* **EXTRACTED DATA**
####################

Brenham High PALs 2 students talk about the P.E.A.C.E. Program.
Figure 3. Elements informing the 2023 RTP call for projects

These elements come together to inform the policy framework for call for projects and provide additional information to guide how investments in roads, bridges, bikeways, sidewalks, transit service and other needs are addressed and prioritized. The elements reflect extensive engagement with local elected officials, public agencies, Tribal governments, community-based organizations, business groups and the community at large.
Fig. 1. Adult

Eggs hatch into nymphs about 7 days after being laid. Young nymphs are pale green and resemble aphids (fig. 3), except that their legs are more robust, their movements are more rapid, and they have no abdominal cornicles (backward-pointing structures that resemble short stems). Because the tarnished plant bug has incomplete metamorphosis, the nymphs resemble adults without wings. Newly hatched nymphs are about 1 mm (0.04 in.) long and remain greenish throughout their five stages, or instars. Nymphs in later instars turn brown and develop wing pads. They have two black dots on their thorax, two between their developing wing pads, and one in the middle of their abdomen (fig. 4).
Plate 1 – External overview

####################

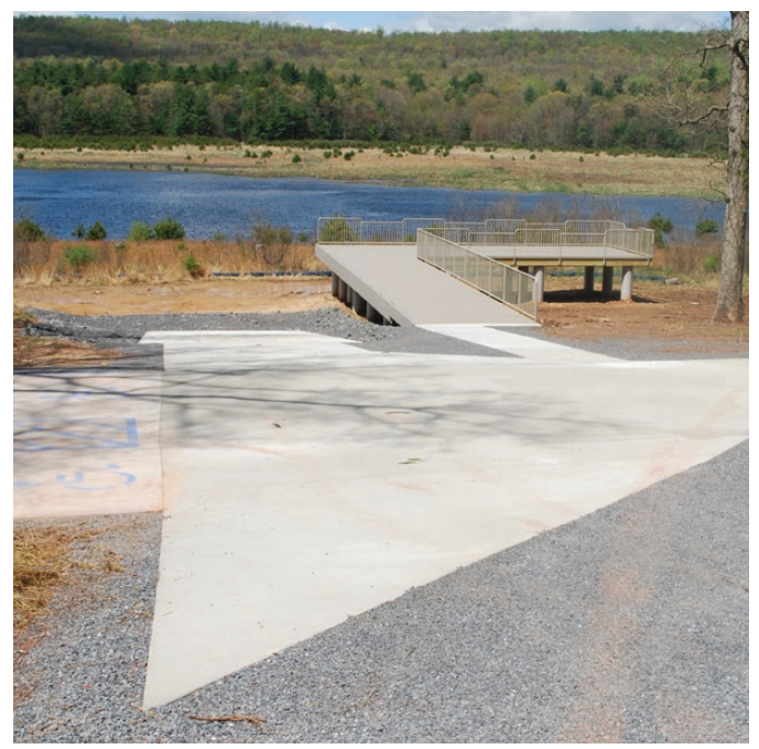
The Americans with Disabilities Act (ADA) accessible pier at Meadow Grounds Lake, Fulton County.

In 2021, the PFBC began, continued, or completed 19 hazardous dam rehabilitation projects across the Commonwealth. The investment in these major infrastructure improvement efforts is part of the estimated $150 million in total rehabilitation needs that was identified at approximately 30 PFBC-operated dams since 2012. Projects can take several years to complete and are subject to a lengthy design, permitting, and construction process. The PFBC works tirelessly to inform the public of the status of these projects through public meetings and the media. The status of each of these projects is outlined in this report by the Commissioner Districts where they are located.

####################

* **GOAL OF THE EXERCISE**
Within the listing above, the range opens at the line with "The Americans with" and closes at the line with "In 2021, the". Reproduce exactly the lines of that range, including both ends.

* **RESULT OF THIS TASK**
The Americans with Disabilities Act (ADA) accessible pier at Meadow Grounds Lake, Fulton County.

In 2021, the PFBC began, continued, or completed 19 hazardous dam rehabilitation projects across the Commonwealth. The investment in these major infrastructure improvement efforts is part of the estimated $150 million in total rehabilitation needs that was identified at approximately 30 PFBC-operated dams since 2012. Projects can take several years to complete and are subject to a lengthy design, permitting, and construction process. The PFBC works tirelessly to inform the public of the status of these projects through public meetings and the media. The status of each of these projects is outlined in this report by the Commissioner Districts where they are located.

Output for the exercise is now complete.